Collected data:
- - - - -

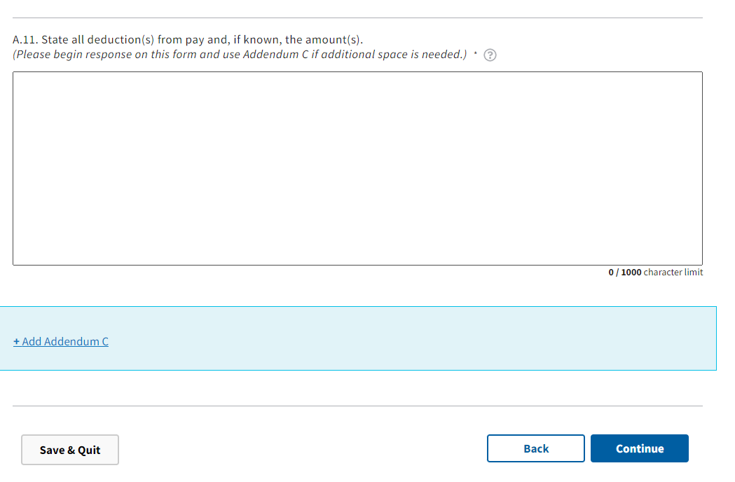 Figure 14: Form Section C Place of Employment Information cont.
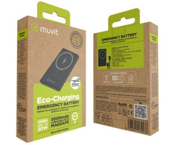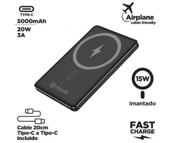Powerbank 5000mAh Muvit For Change MCCHP0009/ 20W/ Wireless/ Negra/ Incluye Cable USB Tipo-C
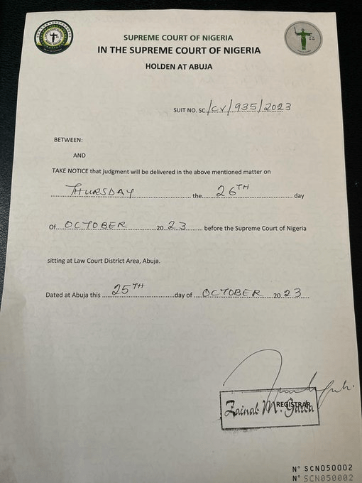 The Supreme Court of Nigeria has fixed Thursday for ruling on the appeals by the presidential candidates of the Peoples Democratic Party, Atiku Abubakar, and the Labour Party, Peter Obi.
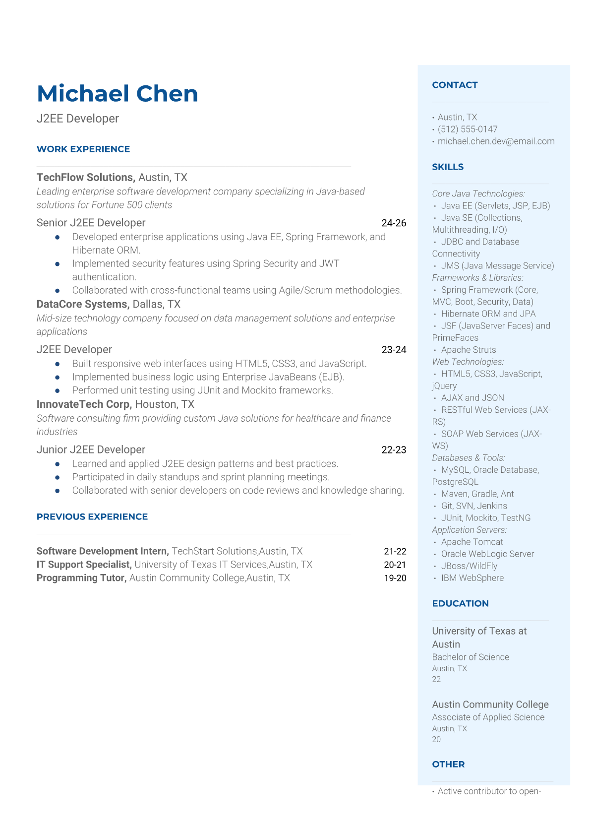 A J2EE Developer builds enterprise-level web applications using Java Enterprise Edition technologies including servlets, JSP, EJB, and frameworks like Spring and Struts. They work on scalable, distributed systems for large organizations, handling complex business logic, database integration, and web services development. The role requires deep knowledge of Java programming, application servers, and enterprise architecture patterns. An ATS-friendly resume is crucial for J2EE Developer positions because tech recruiters and hiring managers use automated systems to screen for specific Java frameworks, application servers, and enterprise technologies. Without proper keyword optimization and clear technical skill presentation, qualified developers often get filtered out before human review.
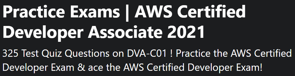 - Udemy에서 제공하는 Practice Exams | AWS Certified Developer Associate 2021이 있습니다.
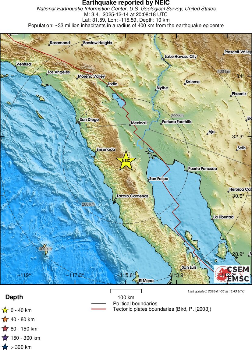 | 3.1 | 10 | 5211 | 20:08:17 | Link | Minor earthquake - BAJA CALIFORNIA, MEXICO - December 14, 2025 |
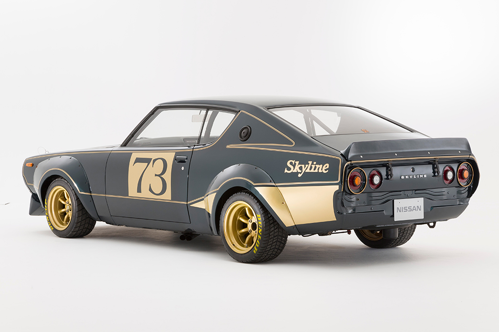 そう、このダークカラー×ゴールドの組み合わせは、1972年の東京モーターショーに展示されたKPGC110型、通称は“ケンメリ”GT-Rをベースとする幻のレーシングカー「スカイライン2000 GT-R レーシングコンセプト」へのオマージュなのです。
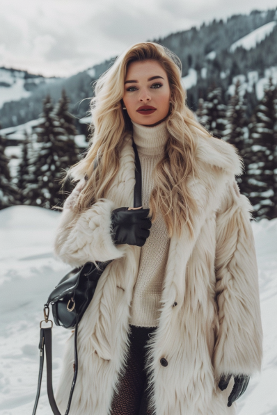 What I love about this look is how unapologetically bold and stylish it feels. The faux fur coat makes a dramatic statement, perfect for those snowy mountain photos, while the cream and black palette keeps it timeless and easy to pull off. The leather gloves are such a chic touch—they add a little “winter femme fatale” vibe, don’t you think? This outfit is for the woman who wants to own the snow in style. It’s glamorous, cozy, and absolutely unforgettable.
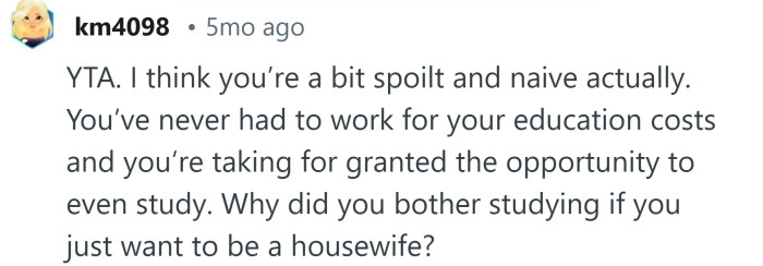A 22-year-old Redditor says she has always been aware of how fortunate she is to have parents who supported her financially throughout her education. After her parents divorced, her father continued covering most of her school costs, sparing her from student debt and even backing her decision to change majors.
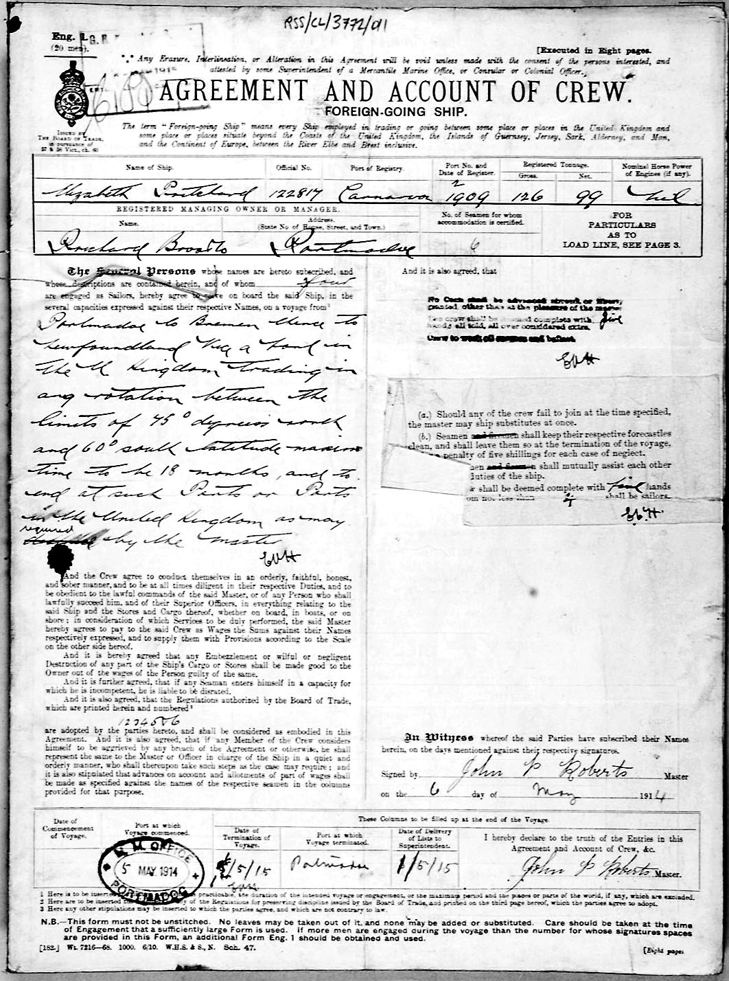 1915 crew list for the vessel 'ELIZABETH PRITCHARD'
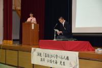本校では、PTA活動の一環として保護者、生徒、地域の皆さま向けの人権講演会を開催しています。今年度は、落語教育家の講師の方をお招きしました。
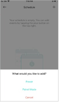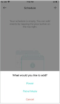 Schedule: Set schedules to automatically turn on/off your camera, or turn on/off patrol mode (the camera moving between your viewpoints) of your camera, at set times according to your daily routine.

- - - - -

• REQUIREMENT
Retype the records above line for line and exactly, omitting their pictures.

• RESULT
 Figure 14: Form Section C Place of Employment Information cont.
Powerbank 5000mAh Muvit For Change MCCHP0009/ 20W/ Wireless/ Negra/ Incluye Cable USB Tipo-C
 The Supreme Court of Nigeria has fixed Thursday for ruling on the appeals by the presidential candidates of the Peoples Democratic Party, Atiku Abubakar, and the Labour Party, Peter Obi.
 A J2EE Developer builds enterprise-level web applications using Java Enterprise Edition technologies including servlets, JSP, EJB, and frameworks like Spring and Struts. They work on scalable, distributed systems for large organizations, handling complex business logic, database integration, and web services development. The role requires deep knowledge of Java programming, application servers, and enterprise architecture patterns. An ATS-friendly resume is crucial for J2EE Developer positions because tech recruiters and hiring managers use automated systems to screen for specific Java frameworks, application servers, and enterprise technologies. Without proper keyword optimization and clear technical skill presentation, qualified developers often get filtered out before human review.
 - Udemy에서 제공하는 Practice Exams | AWS Certified Developer Associate 2021이 있습니다.
 | 3.1 | 10 | 5211 | 20:08:17 | Link | Minor earthquake - BAJA CALIFORNIA, MEXICO - December 14, 2025 |
 そう、このダークカラー×ゴールドの組み合わせは、1972年の東京モーターショーに展示されたKPGC110型、通称は“ケンメリ”GT-Rをベースとする幻のレーシングカー「スカイライン2000 GT-R レーシングコンセプト」へのオマージュなのです。
 What I love about this look is how unapologetically bold and stylish it feels. The faux fur coat makes a dramatic statement, perfect for those snowy mountain photos, while the cream and black palette keeps it timeless and easy to pull off. The leather gloves are such a chic touch—they add a little “winter femme fatale” vibe, don’t you think? This outfit is for the woman who wants to own the snow in style. It’s glamorous, cozy, and absolutely unforgettable.
A 22-year-old Redditor says she has always been aware of how fortunate she is to have parents who supported her financially throughout her education. After her parents divorced, her father continued covering most of her school costs, sparing her from student debt and even backing her decision to change majors.
 1915 crew list for the vessel 'ELIZABETH PRITCHARD'
本校では、PTA活動の一環として保護者、生徒、地域の皆さま向けの人権講演会を開催しています。今年度は、落語教育家の講師の方をお招きしました。
 Schedule: Set schedules to automatically turn on/off your camera, or turn on/off patrol mode (the camera moving between your viewpoints) of your camera, at set times according to your daily routine.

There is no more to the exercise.